> Instructions to follow: Please repeat each line from the one holding "意味不明あだ名 | 『ペロリンちょりり』『永久保存ちょりり』 |" through the final line of the data, exactly as it stands, with no pictures.

> Dataset extract:
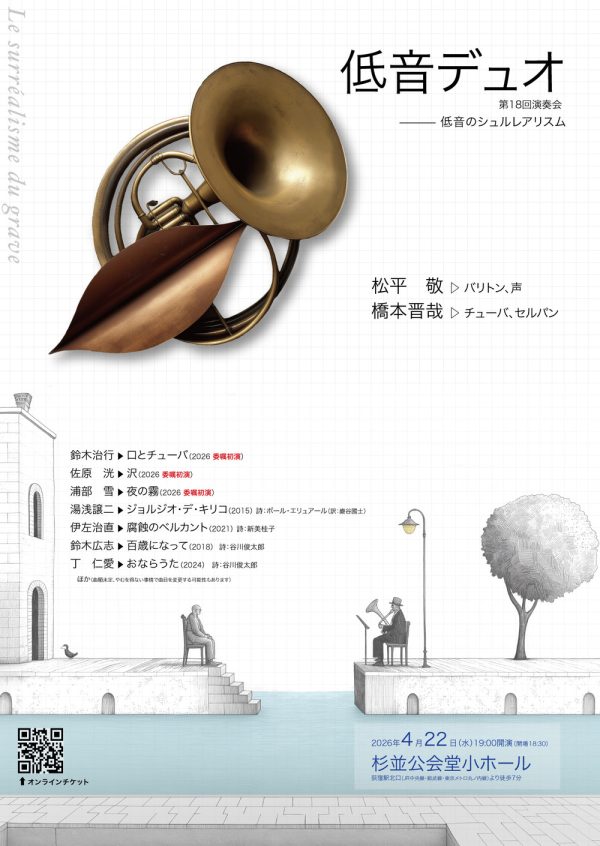 出演:松平敬(バリトン、声)、橋本晋哉(チューバ、セルパン)プログラム:鈴木治行《口とチューバ》、佐原洸《沢》、浦部雪《夜の霧》、鈴木広志《百歳になって》、湯浅譲二《ジョルジオ・デ・キリコ》、伊佐治直《腐蝕のベルカント》、丁仁愛《おならうた》
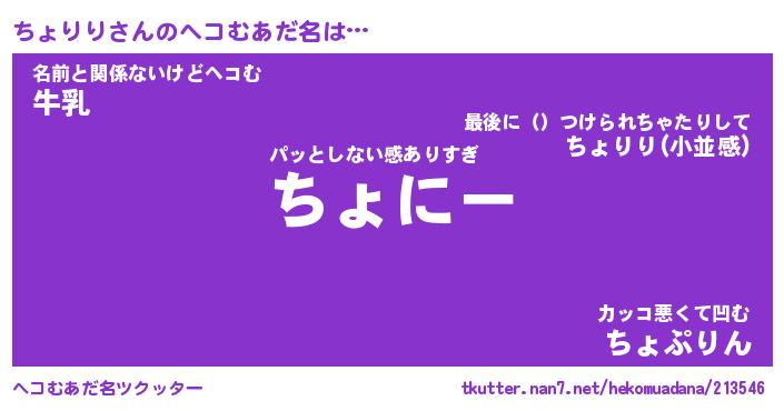 | 意味不明あだ名 | 『ペロリンちょりり』『永久保存ちょりり』 |
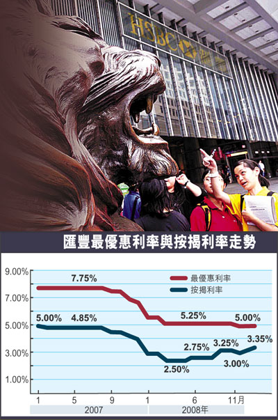 工銀亞洲董事暨副總經(jīng)理黃遠輝表示,估計匯豐此次行動,主要想追回早前下調最優(yōu)惠利率25點子的息差。他指,業(yè)界對經(jīng)濟展望仍不樂觀,全球潛在的通縮風險大增,加上不排除美國會于本月16日再次減息,因此料以上各種因素,會對個別銀行的按息調整構成一定壓力。他認為,由于整體投資市場于金融海嘯打擊下崩潰,按揭業(yè)務仍是各家必爭之地,料即使銀行上調按息,幅度也不會太大。
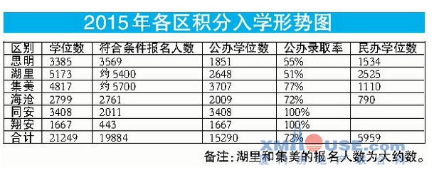 積分入學的申請者過分集中在局部,即思明、湖里、集美、海滄都人滿為患,其次,即使學位多于報名人數(shù)的區(qū),學位大多集中在偏僻小學,城區(qū)也是爆滿。

> The completed task:
 | 意味不明あだ名 | 『ペロリンちょりり』『永久保存ちょりり』 |
 工銀亞洲董事暨副總經(jīng)理黃遠輝表示,估計匯豐此次行動,主要想追回早前下調最優(yōu)惠利率25點子的息差。他指,業(yè)界對經(jīng)濟展望仍不樂觀,全球潛在的通縮風險大增,加上不排除美國會于本月16日再次減息,因此料以上各種因素,會對個別銀行的按息調整構成一定壓力。他認為,由于整體投資市場于金融海嘯打擊下崩潰,按揭業(yè)務仍是各家必爭之地,料即使銀行上調按息,幅度也不會太大。
 積分入學的申請者過分集中在局部,即思明、湖里、集美、海滄都人滿為患,其次,即使學位多于報名人數(shù)的區(qū),學位大多集中在偏僻小學,城區(qū)也是爆滿。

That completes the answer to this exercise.